Die PKV endet nicht mit dem Rentenbeginn. Was aufhört, ist der Arbeitgeberzuschuss. Wer eine gesetzliche Rente bezieht, kann stattdessen beim DRV-Zuschuss landen: 8,75 Prozent der gesetzlichen Bruttorente, maximal die Hälfte der tatsächlichen KV-Aufwendungen. Zusätzlich greifen mehrere Entlastungsmechanismen zeitlich gestaffelt, vom Zuschlagwegfall mit 60 bis zur aktiven Beitragssenkung ab 80.

Das Wichtigste in Kürze
  • Die PKV läuft unverändert weiter. Es gibt weder eine neue Gesundheitsprüfung noch eine automatische Umstellung in einen Rentnertarif.
  • Der Arbeitgeberzuschuss entfällt mit Ende des Beschäftigungsverhältnisses.
  • Der Rentenzuschuss der DRV beträgt 2026 8,75 Prozent der gesetzlichen Bruttorente, höchstens 50 Prozent der tatsächlichen KV-Aufwendungen. Er muss beantragt werden.
  • Die private Pflegepflichtversicherung wird nicht bezuschusst. Sie ist vollständig selbst zu tragen.
  • Der gesetzliche 10-Prozent-Zuschlag auf den Krankenvollversicherungsbeitrag entfällt zum Ende des Jahres, in dem das 60. Lebensjahr vollendet wird.
  • Ab 65 Jahren werden die aus dem Zuschlag aufgebauten Mittel eingesetzt, um Beitragserhöhungen abzumildern. Ab 80 Jahren senken verbleibende Mittel den Beitrag direkt.
  • Ein interner Tarifwechsel nach § 204 VVG beim eigenen Versicherer ist das wirksamste Instrument zur Beitragsoptimierung im Alter. Alterungsrückstellungen bleiben dabei vollständig erhalten.
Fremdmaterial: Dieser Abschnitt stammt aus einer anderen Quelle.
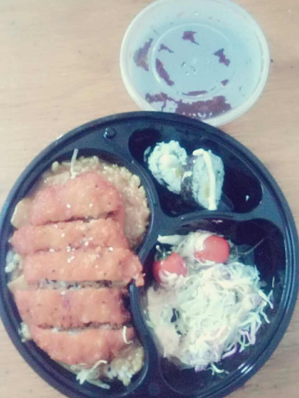 就点的美团外卖,好后悔在他家点,哎,看着还不错,又有水果,蔬菜沙拉,寿司,酸梅汤的,送过来这么糟糕,咖喱就点点,哎,真心吃不下去~😭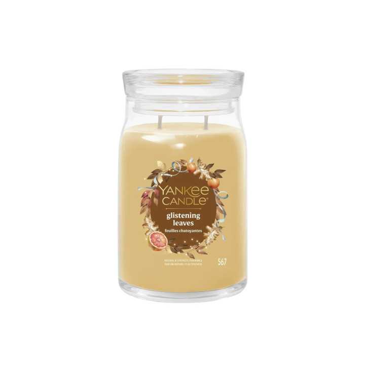 Vela aromática de la marca Yankee Candle formato Large de la fragancia Glistening Leaves. Envuelve tu hogar con las fragancias de las velas aromáticas de Yankke Candle.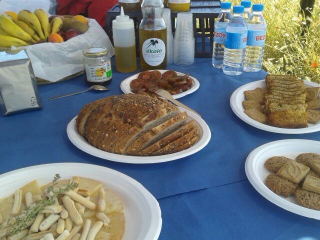 Festejamos el buen trabajo realizado con un almuerzo ecológico para rehidratarnos, cargarnos de vitaminas y energía. Tuvimos la oportunidad de degustar distintos alimentos y frutas de nuestras cestas ecológicas y de charlar e intercambiar ideas sobre la agricultura ecológica, el proyecto y la experiencia de la jornada.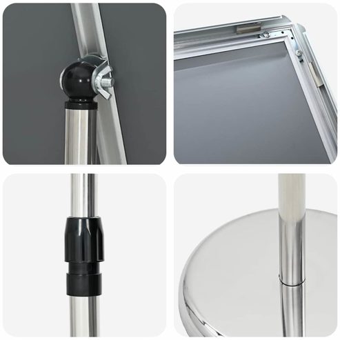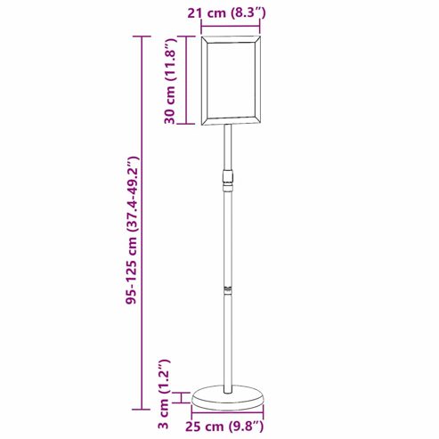 Dieser moderne Messestand ist für Flexibilität und Anpassungsfähigkeit in unterschiedlichen Umgebungen gemacht. Sein elegantes, zeitgemäßes Design passt gut in professionelle Räume und steigert die visuelle Anziehungskraft von Präsentationen und Ausstellungen. Mit dem höhenverstellbaren Design kann der Stand an verschiedene Bedürfnisse und Zielgruppen angepasst werden, was ihn zu einem unverzichtbaren Element für Unternehmen und Eventplaner macht. Hochwertige Aluminiumkonstruktion: Dieser Messestand aus hochwertigem Aluminium ist langlebig und hat ein modernes, schlankes Aussehen. Der robuste Rahmen ist ideal für häufige Nutzung und sorgt dafür, dass der Stand eine zuverlässige Wahl für wiederholte Events ist. Stahlelemente: Eingebaute Stahlelemente geben Stabilität und Stärke, damit alles während der gesamten Ausstellung stabil bleibt. Diese Verbesserungen tragen zur Langlebigkeit und zum professionellen Look bei. Höhenverstellbarer Mechanismus: Mit einem einfachen Griff lässt sich die Höhe des Standes leicht anpassen. So kann man die Präsentationen besser anpassen und die Aufmerksamkeit des Publikums effektiv erhöhen. Saisonale Nutzung: Dieser Stand ist vielseitig einsetzbar und eignet sich für Innen- und Außeneinsätze, besonders im Frühling und Herbst, wenn viele Messen stattfinden. Seine Anpassungsfähigkeit passt zu verschiedenen Präsentationsbedürfnissen und Wetterbedingungen. Einfache Pflege: Die Wartung ist kinderleicht – einfach mit einem feuchten Tuch abwischen. Dadurch bleibt der Stand in einem tollen Zustand und verlängert seine Lebensdauer. ** Farbe: Silber ** Material: Aluminium ** Gesamtabmessungen: 25 x 25 x 125 cm (L x B x H) ** Verstelltyp: Höhenverstellbar ** Verstellbare Min/Max Maße: 95-128 cm ** Höhenverstellbar ** Für Innen- und Außenbereich ** Montage erforderlich: Ja ** Lieferumfang: ** 1 x Messestand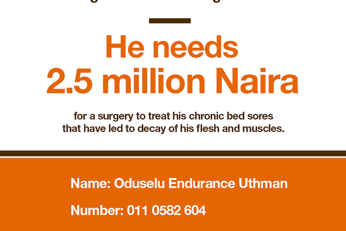 Somewhere in Abuja, on the 1 of October, 2014, a man is driving his wife and two daughters. And it should be a good day, until something goes terribly wrong, and the car is somersaulting multiple times. Incredibly, wife and daughters survive without serious injuries. But the man bears the burden of them all, with a damaged spine and collapsed lungs. That man is Abdullah Okirigi.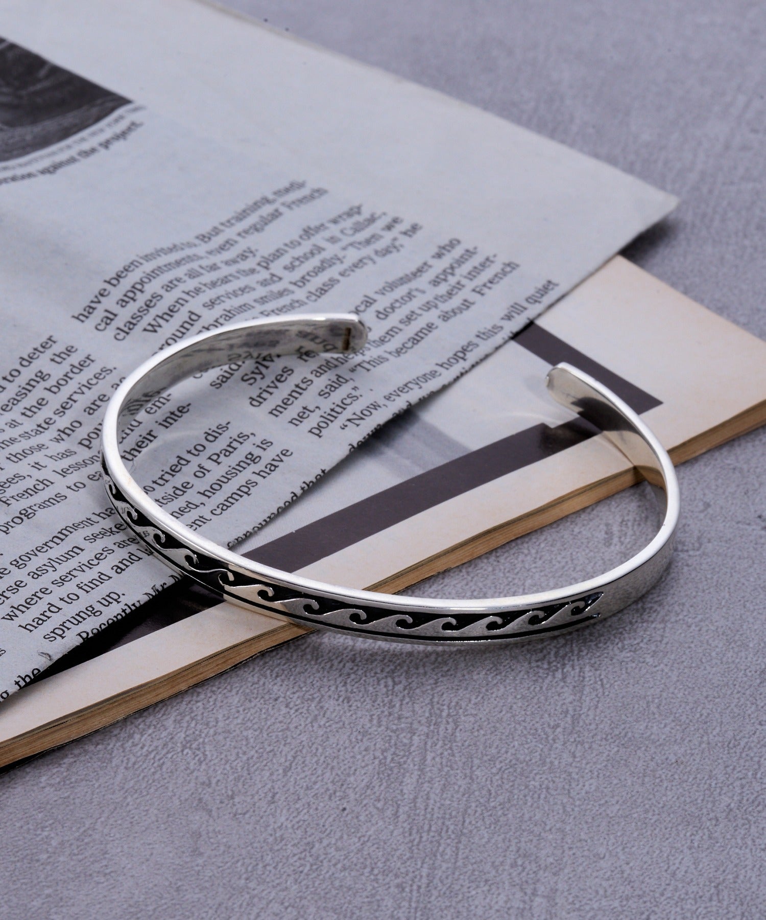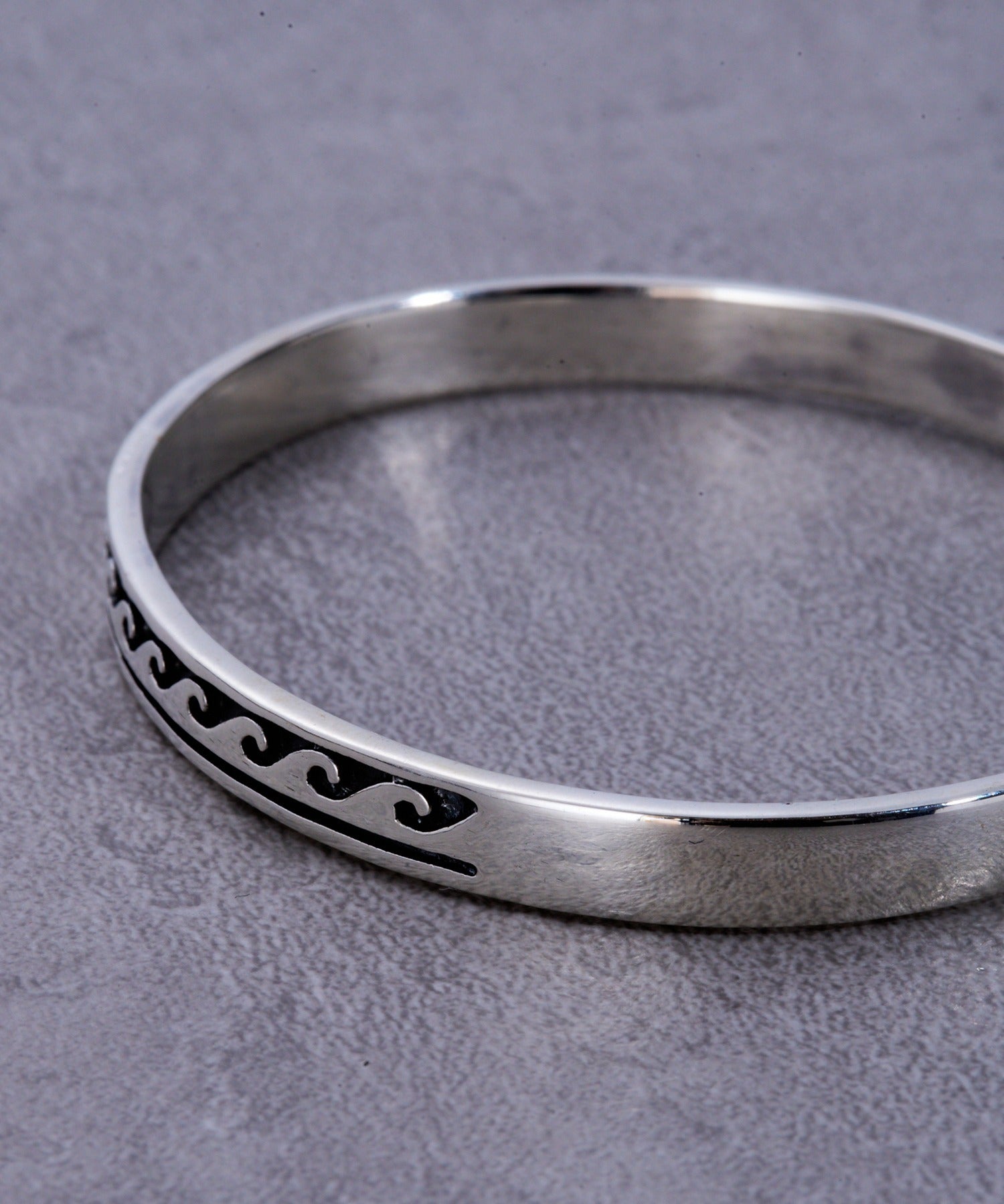 細部までこだわった精巧な波柄デザインが魅力のバングルです。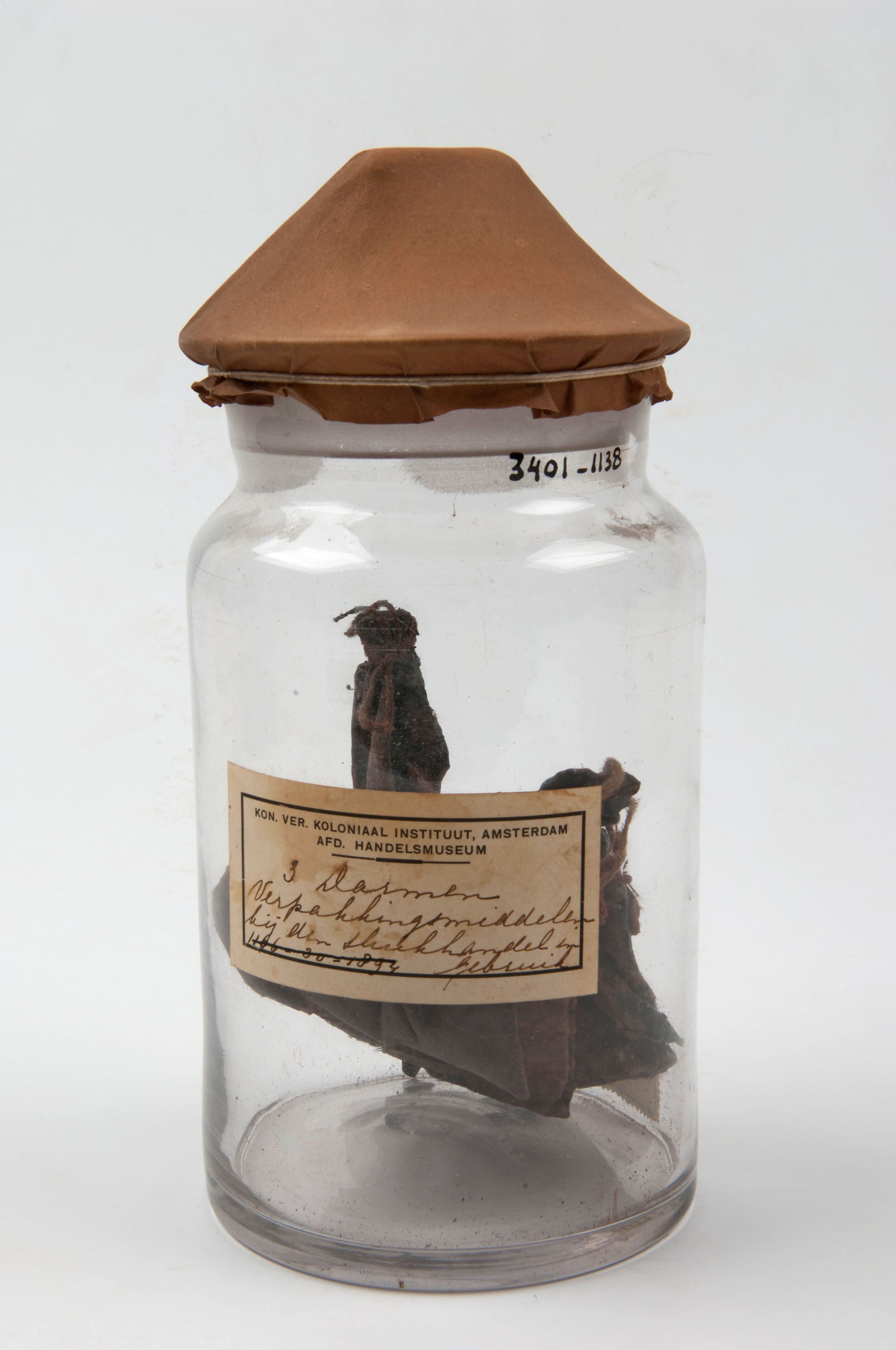 Darmen, dienende als opiumverpakkingen in stopfles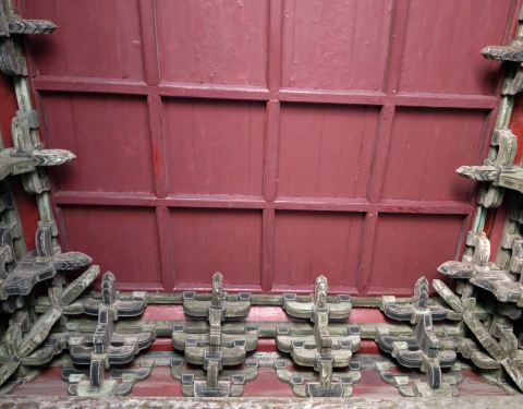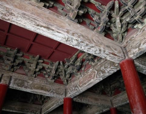 据说这里以前是一个藏经阁,距今已经有超过1000年的历史了,是这边最古老的建筑物之一。 现在里面最主要就是卖一些纪念品的,有一些导购员在里面。 进去里面还可以看到上面一些比较古老的痕迹。 初建的年份是1018...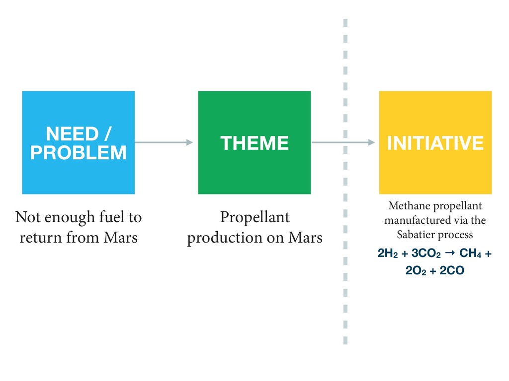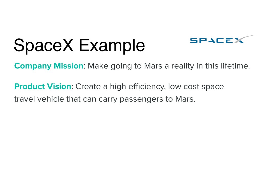 SPACE-X Company Mission: Make going to Mars a reality in this lifetime. Product Vision: Create a high efficiency, low cost space travel vehicle that can seat multiple civilian passengers. Objective: Reducing the cost of space travel to what an average American family can afford. Key Result: Get cost for travel to Mars under $200,000.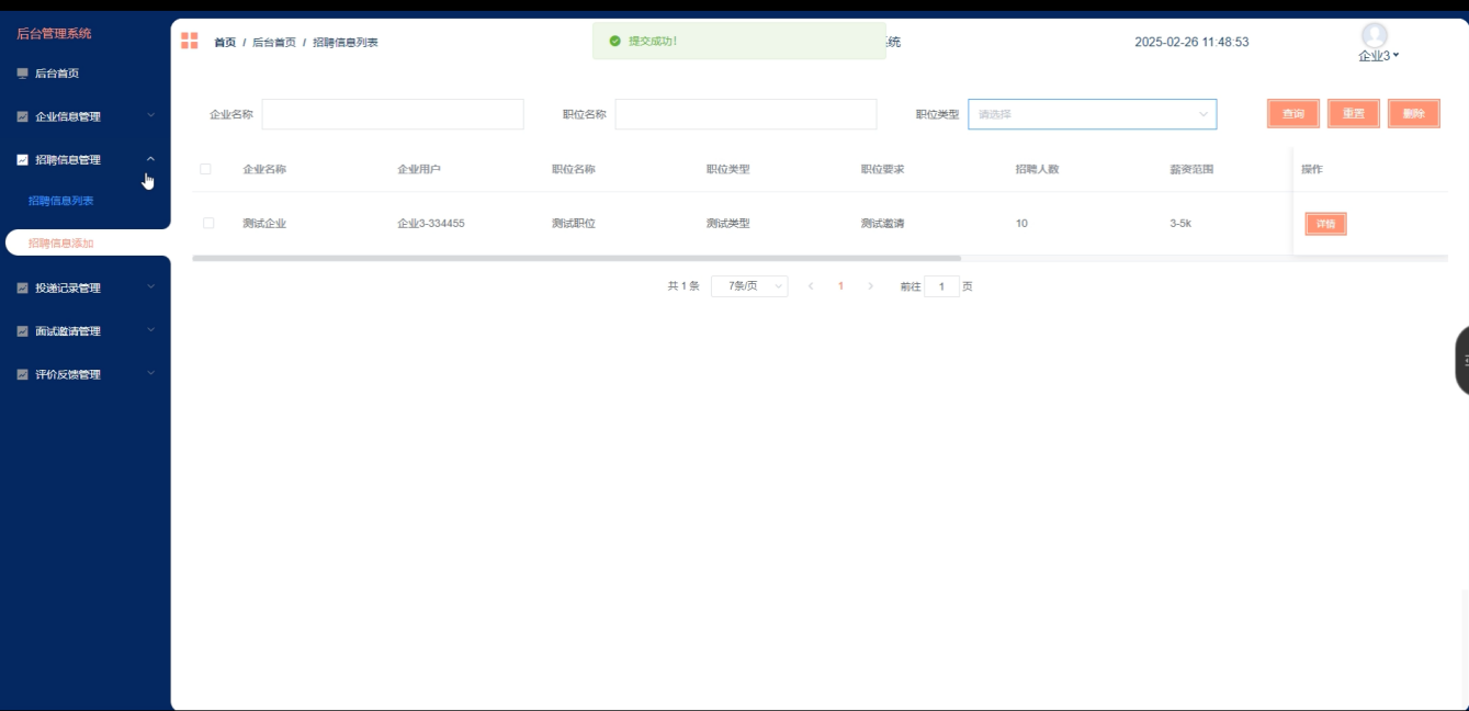 企业信息管理:企业可以编辑和更新自己的信息,包括公司简介、联系方式、招聘岗位等。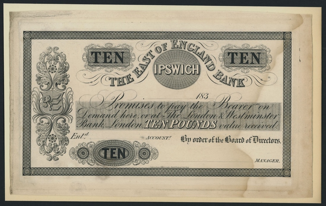 The East of England Bank, proof £10, Ipswich, dated 183-,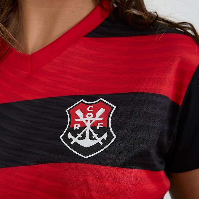 Cropped feminino confeccionado em tecido de poliéster leve e confortável, ideal para mostrar seu amor pelo Mengão com estilo. Possui listras horizontais em vermelho e preto na parte frontal, com o escudo oficial do Flamengo estampado no lado esquerdo do peito, trazendo destaque e autenticidade à peça.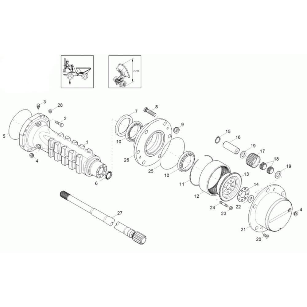 The Axle Case and Wheel Hub (Rear) Assembly for the Neuson 3001 Dumper includes key components essential for maintaining the vehicle's rear wheel functionality. This assembly ensures smooth operation and durability under heavy loads. Genuine Wacker Neuson parts are used to provide reliable performance and longevity. Components typically include bearings, seals, and fasteners.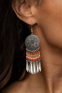 Rust, Brunt Coral, green, and silver beaded tassels swing from the bottom of an oversized silver disc embossed in an antiqued sunburst. Flared silver bars attach to the bottoms of the beaded tassels, creating an edgy fringe. Earring attaches to a standard fishhook fitting.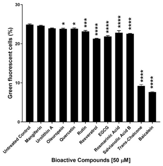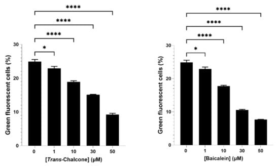 2.1. Baicalein and Trans-Chalcone Were the Most Effective Compounds to Reduce Green Fluorescent Cells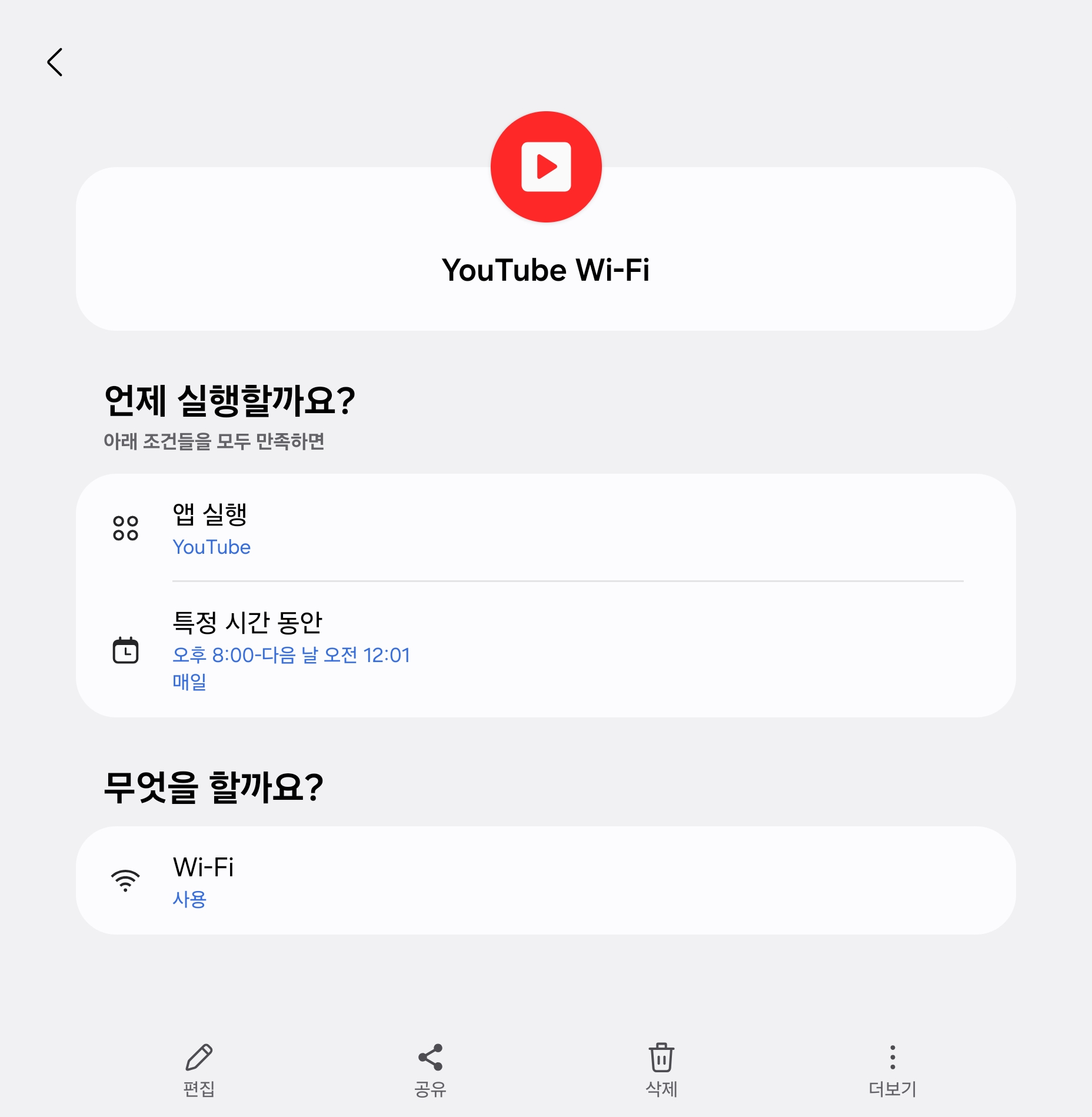 유튜브를 켜면 와이파이를 자동으로 켜둡니다. 저는 와이파이를 가끔 꺼두는데 유튜브를 볼때는 와이파이를 켜고 싶거든요. 그래서 만든 루틴입니다. 이렇게 해두면 데이터 걱정없이 유튜브 볼 수 있습니다. 삼성이 공식으로 넣어주면 좋을 법한 유용한 기능이라고 생각합니다.

Was passiert beim Renteneintritt mit der PKV?

Der Rentenbeginn verändert die Finanzierung der PKV, nicht den Schutz. Um das vollständig zu verstehen, lohnt es sich, die einzelnen Ereignisse chronologisch auseinanderzuhalten, denn sie fallen selten auf denselben Zeitpunkt.

Diese Übersicht zeigt, wann welche Änderung eintritt:

ZeitpunktTypische Auswirkung
Ende des Jahres, in dem das 60. Lebensjahr vollendet wirdGesetzlicher 10-Prozent-Zuschlag auf die Krankenvollversicherung entfällt
Ab Vollendung des 65. LebensjahresMittel aus dem Zuschlag werden eingesetzt, um Mehrprämien aus Beitragserhöhungen ganz oder teilweise zu finanzieren
Mit Aufgabe der ErwerbstätigkeitKrankentagegeldschutz wird nicht mehr benötigt, sein Beitrag entfällt
Mit Ende des BeschäftigungsverhältnissesArbeitgeberzuschuss entfällt
Ab gesetzlichem RentenbeginnDRV-Zuschuss ist möglich, aber nur nach Antrag und nur bei Bezug einer gesetzlichen Rente
Ab vereinbartem EntlastungsalterBeitragsentlastungstarif reduziert den Beitrag in der vertraglich vereinbarten Höhe
Ab Vollendung des 80. LebensjahresNoch nicht verbrauchte Mittel aus dem Zuschlag werden zur direkten Prämiensenkung eingesetzt

Rentenbeginn und 60., 65. oder 67. Geburtstag müssen nicht zusammenfallen. Eine vorgezogene Altersrente löst nicht rückwirkend den Wegfall des gesetzlichen Zuschlags aus. Maßgeblich sind die gesetzlichen Altersgrenzen und die jeweiligen Vertragsbedingungen.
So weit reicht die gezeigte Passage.